- **PROBLEM DETAILS**: Return the whole listing exactly, omitting the pictures.

- **COLLECTED MATERIAL**:
[Start of Attachment]

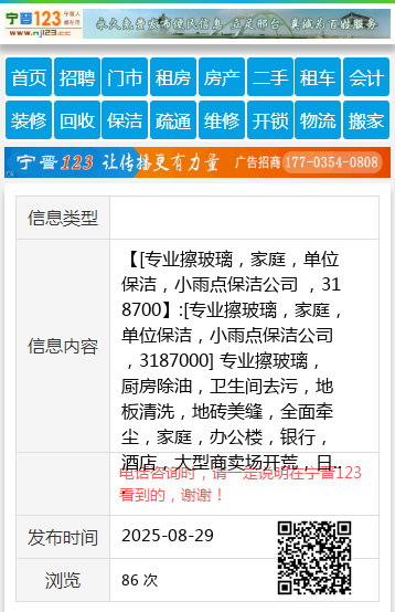 【[专业擦玻璃,家庭,单位保洁,小雨点保洁公司 ,318700】:[专业擦玻璃,家庭,单位保洁,小雨点保洁公司 ,3187000] 专业擦玻璃,厨房除油,卫生间去污,地板清洗,地砖美缝,全面牵尘,家庭,办公楼,银行,酒店,大型商卖场开荒,日常保洁等高精服务,玻璃幕墙清洗,大型高空广告牌匾清洗等高难度专业服务, 公司成立最早,品牌大,证照齐全,可开增值发票,规模庞大,技术力量雄厚,设备先进,欢迎新老客户参观或电话垂询。 地址、电话:3187000 |
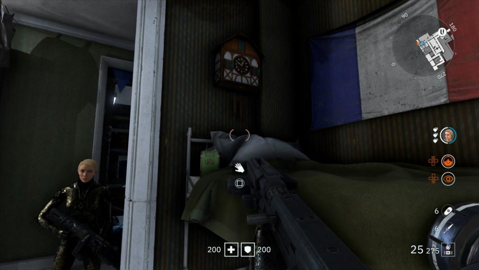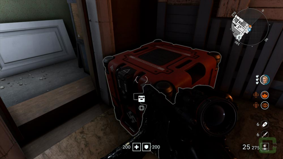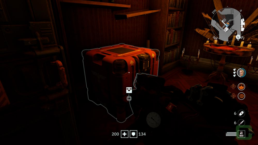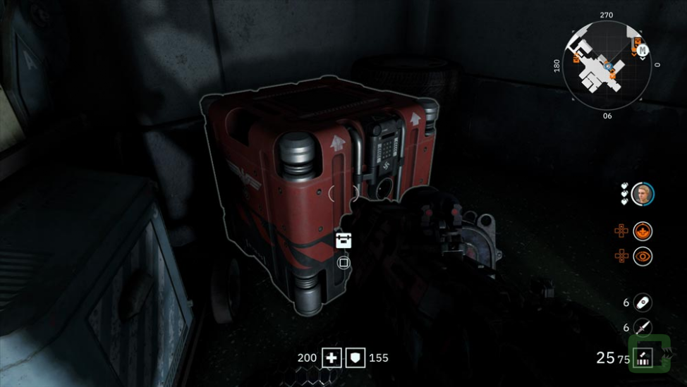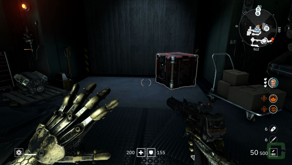 Once inside, use the Crush ability to destroy the blocked entrances and go through the vent into the box room.
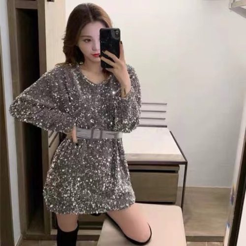 ❤️現貨在台,銀.黑 時尚 V領 亮片 派對 絲絨 宴會 長袖 年會 收腰 腰帶 顯瘦 小個子 連衣裙 洋裝 禮服

[End of Attachment]

- **EXERCISE RESULT**:
 【[专业擦玻璃,家庭,单位保洁,小雨点保洁公司 ,318700】:[专业擦玻璃,家庭,单位保洁,小雨点保洁公司 ,3187000] 专业擦玻璃,厨房除油,卫生间去污,地板清洗,地砖美缝,全面牵尘,家庭,办公楼,银行,酒店,大型商卖场开荒,日常保洁等高精服务,玻璃幕墙清洗,大型高空广告牌匾清洗等高难度专业服务, 公司成立最早,品牌大,证照齐全,可开增值发票,规模庞大,技术力量雄厚,设备先进,欢迎新老客户参观或电话垂询。 地址、电话:3187000 |
 Once inside, use the Crush ability to destroy the blocked entrances and go through the vent into the box room.
 ❤️現貨在台,銀.黑 時尚 V領 亮片 派對 絲絨 宴會 長袖 年會 收腰 腰帶 顯瘦 小個子 連衣裙 洋裝 禮服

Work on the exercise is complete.